To know that your total income and expenses are correct for a corporation or partnership, you have to prepare a trial balance. If you have a trial balance, there is no reason to not load the balance sheet into the tax return. Based on the questions that pop up here, you know there are a ton of returns being incorrectly prepared by Intuit users because they have no clue on what a balance sheet is.
I have *ONE* entity (an S-Corp) that doesn't have a set of books. Granted, some of the QBO 'books' are often GIGO.... don't get me started.
The one without any set of books I enter the totals into a QB file I set up for her. Income in, expenses per the excel spreadsheet, add/subtract a few things I know she doesn't put into excel. She gives me the ending cash balance.
Any difference - we sit down & chat about whether she took money out/put money in.

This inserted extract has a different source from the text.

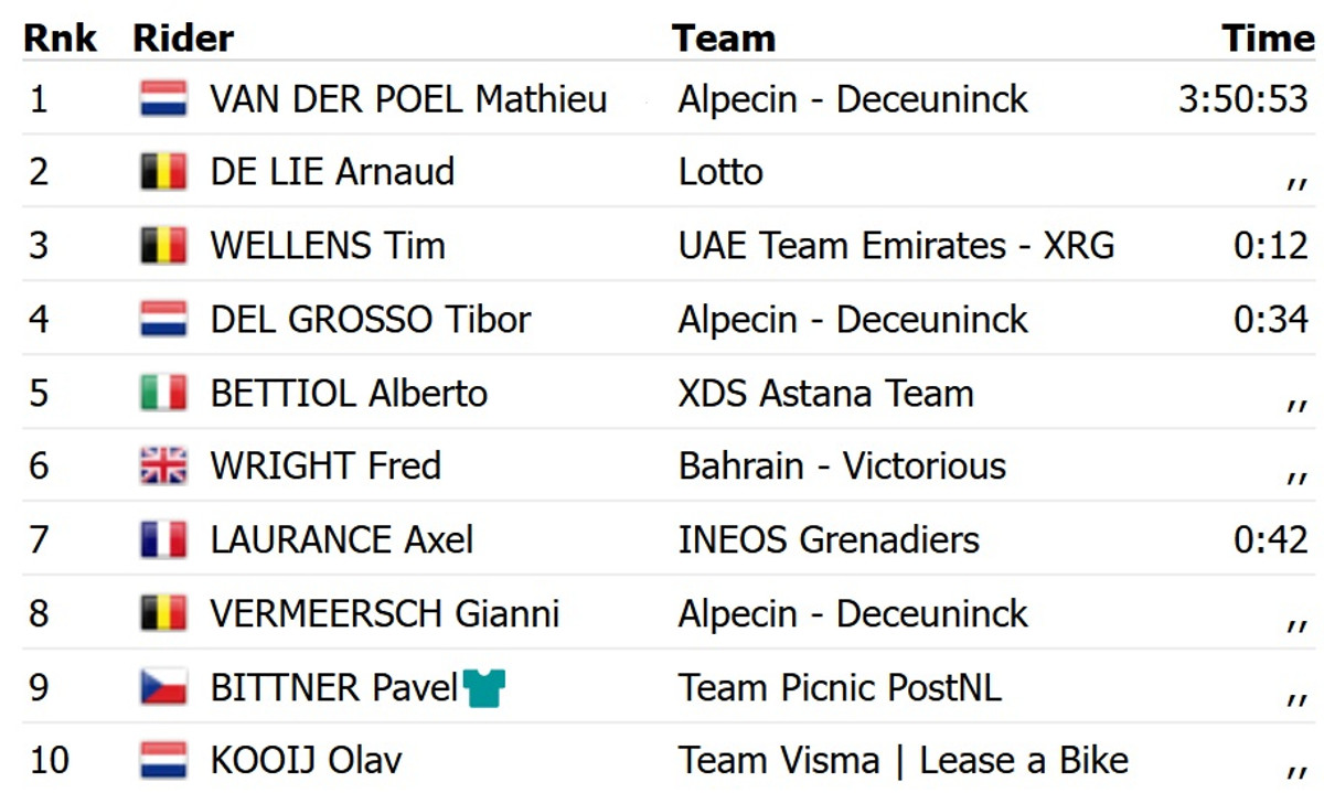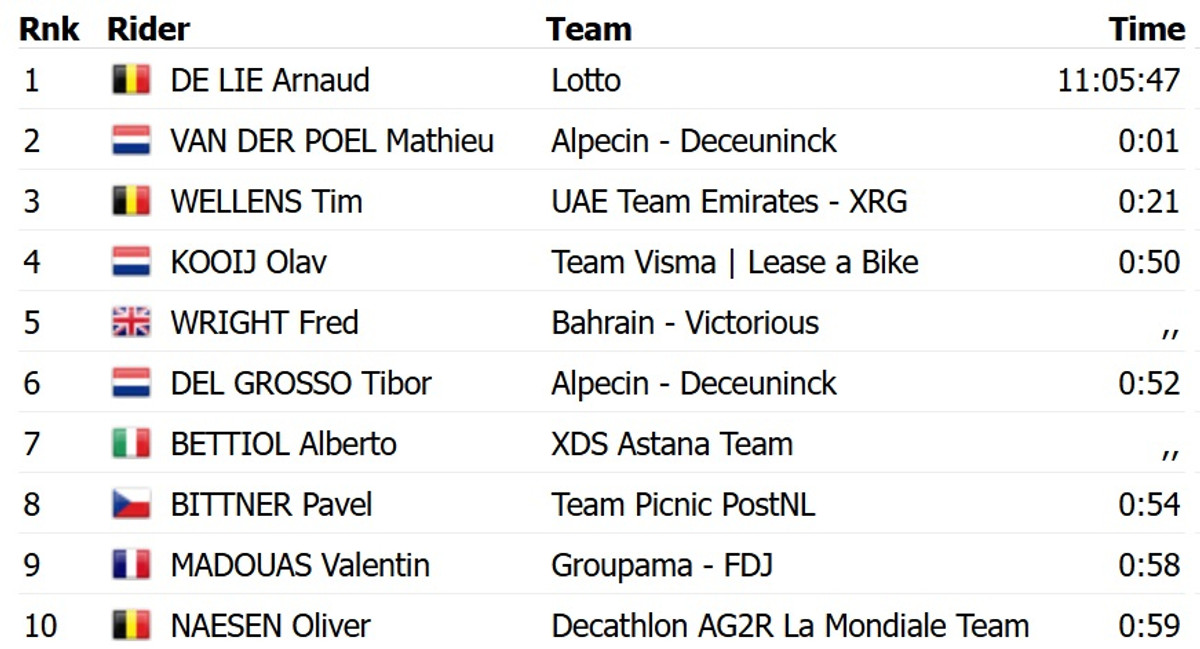 Ван дер Пул у фінішному спринті випередив бельгійця Арно Де Лі з команди Lotto. Топ-3 замкнув ще один бельгієць, Тім Велленс із UAE Emirates, який програв 12 секунд. Ван дер Пулу ця перемога дозволила піднятися на друге місце у загальному заліку багатоденки, лідерство перехопив Де Лі.

Usually the answer is 'nope, I didn't' THEN we find out what income/expense figure is wrong.
I 100% agree - there is absolutely no way to be sure all activity is captured without reconciling cash, and having a balance sheet.
In my opinion, if they don't keep an accurate, balanced set of books, they should not be taxed as an S-corporation. In my opinion, it isn't an option.
Whether or not you include it on the tax return itself is up to you. I know that some people have the mindset to not give the IRS any information that they don't need (such as a Balance Sheet when it isn't required on the tax return), but I would still add it. Even if you decide you don't want it included with what is sent to the IRS, I would still prepare the return with it and have my copy and the client's copy with the Balance Sheet.
I appreciate kindness for all of you to share.
balanced set of books, they should not be taxed as an S-corporation. In my opinion, it isn't an option.
I have one client to talk with on this.
Any difference - we sit down & chat about whether she took money out/put money in.
Helpful tip. I do this for a one client, so she knows the difficulty I have in preparing her tax return without her doing a proper cash reconciliation. It's a way of getting the tax return right AND promoting my skills AND defending my bill.